I've never felt a loss, wasn't made to grasp.
An indefinite hold is the closest palpable approximation to a loss.
To be on hold implies faith.
You live a moment away from being with it, ascetic by chance.
To leave to chance implies faith.
Just undeterminably misplaced. To misplace implies a place.
Unfilled placeholders take up shapeless space.
(I never was lost, will soon be found.
Can the once-seeing imagine the ever-blind?)
I've never felt a zero, wasn't made to hold.
Five or six years old, you read in some book of faith that in the Beginning there was Darkness.
Darkness. Your child's eyes closed. And before? Before the beginning? No, before nothing. No, complete nothing. No, nothing, nothing, nothing, nothing, no thing, without the hand to wipe it away, free of my mind. Dizzy, lip twitching in a smile, scared. Your heart leaping and your brain reeling circular, furiously trying to rub out completely like with the pink rubber end of a pencil. You cannot go on.

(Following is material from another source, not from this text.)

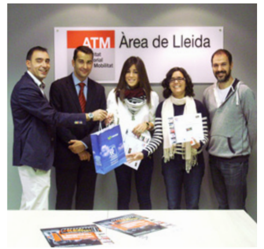
Lliurament dels premis de la II Edició del Concurs de Curtmetratges 'RECREA'

El curt guanyador es pot visualitzar a través del canal Youtube de l'ATM.

I've never been touched by nothing. Without can't be lived.
2 comments:
Dear Learn:
How lovely to see that you posted something in the past few hours-- not long, in fact, after I'd been by earlier today.
(Does that sound needy? I hope it's not that, exactly -- though I don't mind being that sort of, well, vulnerable in the context of you.)
It's late, and I've not yet got the full sense of it yet. I remind myself that T is somewhere involved in your feelings -- hence perhaps to be found in lines like "An indefinite hold..." approximating a loss. That is, a definitive loss -- perhaps FINAL in some way you have identified recently.
I'm on less solid ground, perhaps, in the "ascetic by chance" context. No finalness to the T outcome (the split)? Or, you're leaving the finalness to decide itself, i.e., by chance?
The never-lost (you, presumably) imagining being found -- and "soon."
Okay, I'm reduced to that silly exercise of applying the fortune cookie's wisdom to one's concrete realities.
But, before I go, do tell me about the comma in the last line. Without it, "nothing I can't live without" is tangible: that is, something you CAN live without won't touch you, surely. But, with the comma, if one takes away the double-negative (risky to meaning, I admit), then you've been touched by SOMEthing you cannot live without. Is THAT, in fact, where you are vis-a-vis T?
You: "shut up and have another fortune cookie!"
No, you are kinder than that. (A trait of yours I perhaps take unfair advantage of...)
A big g'night hug!! Justine
Ah, I took that last fortune cookie, and it spake thus:
"You'll find out, once I find out."
(BTW, There's a curious parallel here. The comma between "out" and "once" does exactly the same thing as the one in your last sentence tonight -- that is, it confuses me. I'd be much happier if you confessed you'd had to use up your comma-quota and flogged the two of them on the sly.)